Как только Трофим Тимофеевич остался один, на него навалились тревожные думы. Затяжные роды могут угрожать жизни ребенка и самой матери. Не поехать ли в село?.. А что он сделает там? Чем поможет?..
И он заставил себя думать о деле. Опыление нельзя откладывать ни на один час. Надо все, что намечено планом, сделать сегодня.
Неприятно, что дрожат пальцы. Оттого, однако, что Верунька долго мается. Сердце чует…
Ничего, придет на работу Фекла Скрипунова — новость принесет: она обычно все узнает раньше всех. Поздравит с внуком…
Трофим Тимофеевич снял опорки и, как бывало в молодости, босой прошел по кварталу цветущих деревьев, к той яблоне, которая была выбрана для искусственного опыления. Земля уже успела прогреться, и мелкие комочки, похрустывая, рассыпались под ногами. Хороший выдался денек! На душе светло, будто вернулось былое здоровье. Только пальцы подводят… Но сердце потеплело, и они перестанут дрожать…
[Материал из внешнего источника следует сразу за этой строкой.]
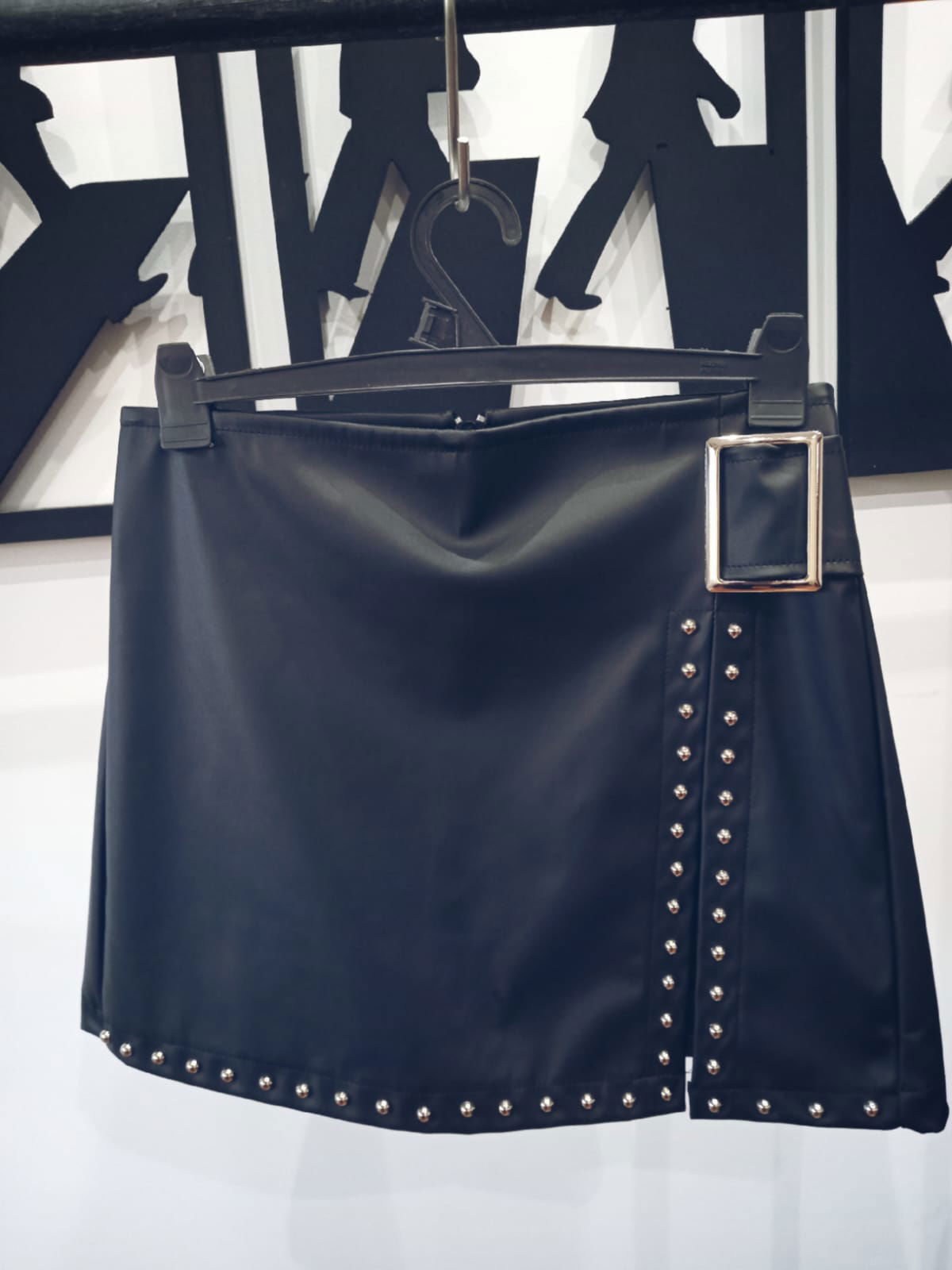 Falda engomada, con detalles de tachas y hebilla de cinto.

Утренние часы для опыления — самые лучшие. Надо использовать каждую минуту. Ведь это большое дело — третье поколение гибридов! Вот они зарождаются сейчас, волею садовода, на радость внукам и правнукам — народу.
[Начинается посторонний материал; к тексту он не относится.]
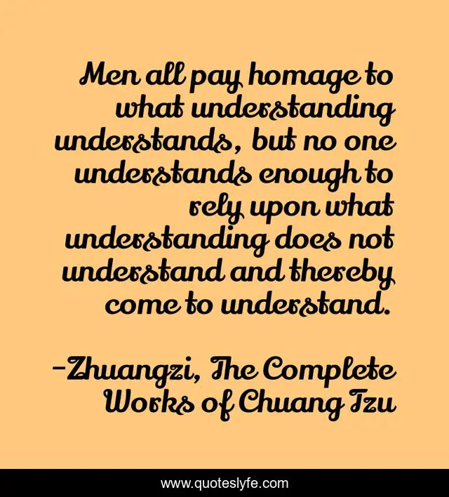 "Zhuangzi, The Complete Works of Chuang Tzu Quotes." Quoteslyfe.com, 2025. Mon. 08 Dec. 2025. <https://www.quoteslyfe.com/quote/Men-all-pay-homage-to-what-understanding-156832>.

Растет, подымается третье поколение мичуринцев… Витюшка любит природу… И от Веруньки передастся любовь…
Дорогин стоит на лесенке, через две пары очков смотрит на только что раскрывшиеся розовые цветы и палочками, обмотанными ватой, осторожно наносит золотистую пыльцу на влажные рыльца пестиков. Один цветок готов. Еще готов. Еще, еще. Вся ветка. Можно надевать марлевый мешочек…
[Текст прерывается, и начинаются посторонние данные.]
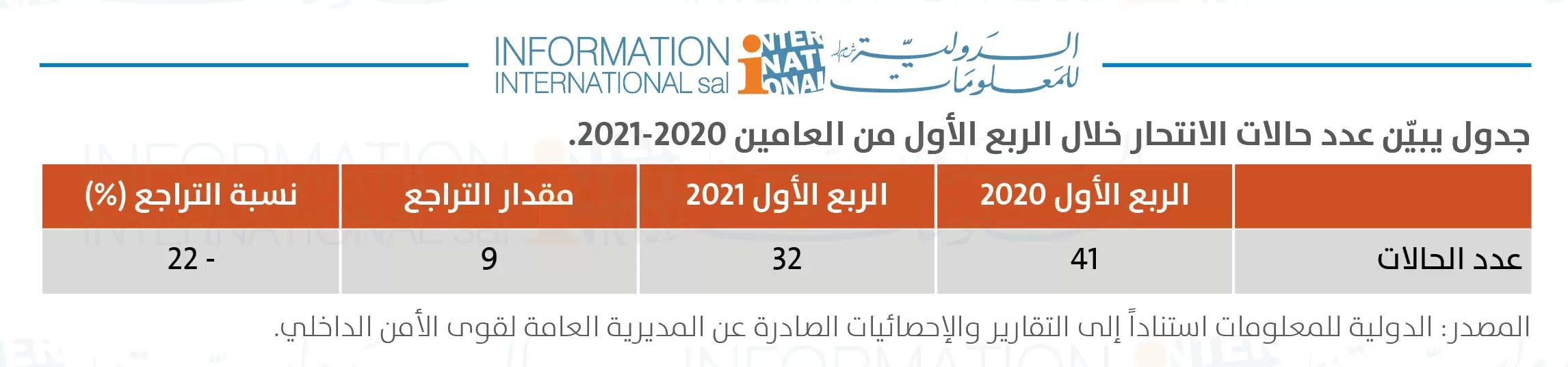 سجلت المؤشرات الأمنية في الربع الأوّل من العام الحالي، بحسب "الدولية للمعلومات"، لاسيما القتل والسرقة، ارتفاعاً مقارنة بالفترة عينها من العام 2020. لكن حالات الانتحار وحوادث السير تراجعت.

Конечно, хлопот с третьим поколением будет не меньше, чем с двумя первыми, а даже больше. Гибридным сеянцам предстоит суровое испытание: слабые и нежные убьет мороз, выносливые, но не обещающие хороших плодов, выбросит сам садовод. Из тысячи деревцев, быть может, уцелеет одно. Вот на нем-то и будут расти настоящие яблоки, о каких мечтали сибиряки с первых лет заселения края.
Старик ясно представил себе мальчугана в саду. Светловолосый и синеглазый внучонок стоит на аллее и просит сорвать самое крупное яблоко с одного из гибридов третьего поколения. Разве ему откажешь? Ведь он не поймет, что первое яблоко надо взвесить, зарисовать, определить вкус… Вот он-то и определит! Уж в чем-в чем, а в этом дети никогда не ошибаются. То, что они принимают на вкус, нравится всем.
И вот яблоко уже у внука. Румяное, как его щеки; круглое, как солнце; ароматичное, как эти свежие цветы. Обрадованный подарком, мальчуган едва удерживает в руках крупный плод, готовый выскользнуть и упасть на землю, аппетитно откусывает нежной мякоти, и пухлые щеки, увлажненные яблочным соком, наливаются еще более густым и здоровым румянцем.
Может, совсем не внук, а внучка появилась на свет этим утром? Она потребует яблоко, в котором кислоты — поменьше, сахару — побольше…
Сад сулил много радостей. На старых яблонях было столько цветов, что в них терялись даже крупные ветви. На молодых гибридах второго поколения впервые раскрылись бутоны…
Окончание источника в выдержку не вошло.